Work item:
All lines from the beginning of the listing through the line with "Indianapolis Colts owner" are to be copied word for word; the pictures are not.

Extracted entries:
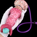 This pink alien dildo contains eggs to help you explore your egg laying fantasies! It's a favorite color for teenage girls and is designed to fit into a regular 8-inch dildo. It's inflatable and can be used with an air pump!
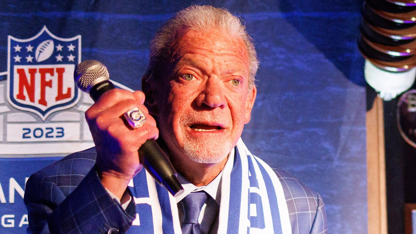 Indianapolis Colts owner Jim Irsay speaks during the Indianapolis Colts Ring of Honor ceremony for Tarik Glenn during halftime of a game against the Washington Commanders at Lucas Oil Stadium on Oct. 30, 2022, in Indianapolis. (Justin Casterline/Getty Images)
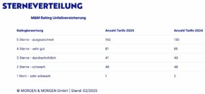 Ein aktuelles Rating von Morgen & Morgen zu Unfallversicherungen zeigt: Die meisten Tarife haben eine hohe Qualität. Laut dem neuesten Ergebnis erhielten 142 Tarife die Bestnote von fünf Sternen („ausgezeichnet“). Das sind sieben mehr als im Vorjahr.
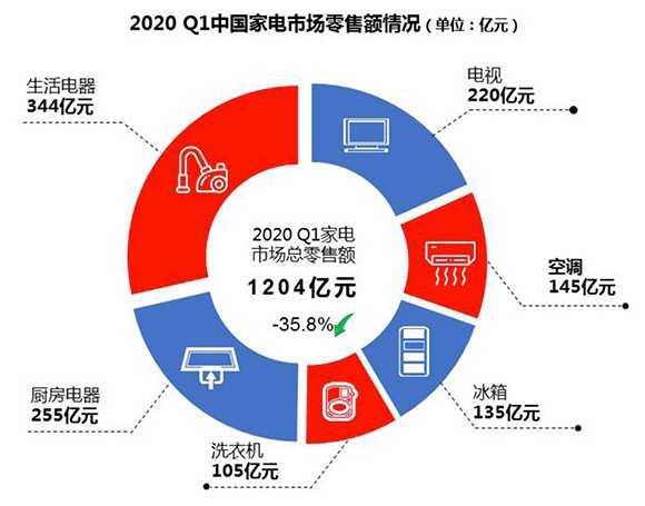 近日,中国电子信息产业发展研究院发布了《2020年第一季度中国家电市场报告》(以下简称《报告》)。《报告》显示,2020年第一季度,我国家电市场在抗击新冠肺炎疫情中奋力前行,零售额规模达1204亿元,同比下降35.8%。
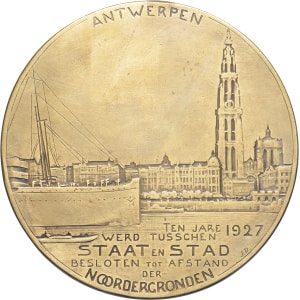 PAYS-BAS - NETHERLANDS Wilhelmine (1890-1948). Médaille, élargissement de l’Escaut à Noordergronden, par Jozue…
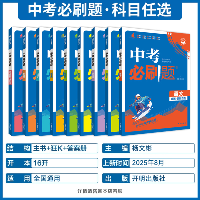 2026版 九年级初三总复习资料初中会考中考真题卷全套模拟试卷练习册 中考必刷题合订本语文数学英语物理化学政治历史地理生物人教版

Result for this exercise:
 This pink alien dildo contains eggs to help you explore your egg laying fantasies! It's a favorite color for teenage girls and is designed to fit into a regular 8-inch dildo. It's inflatable and can be used with an air pump!
 Indianapolis Colts owner Jim Irsay speaks during the Indianapolis Colts Ring of Honor ceremony for Tarik Glenn during halftime of a game against the Washington Commanders at Lucas Oil Stadium on Oct. 30, 2022, in Indianapolis. (Justin Casterline/Getty Images)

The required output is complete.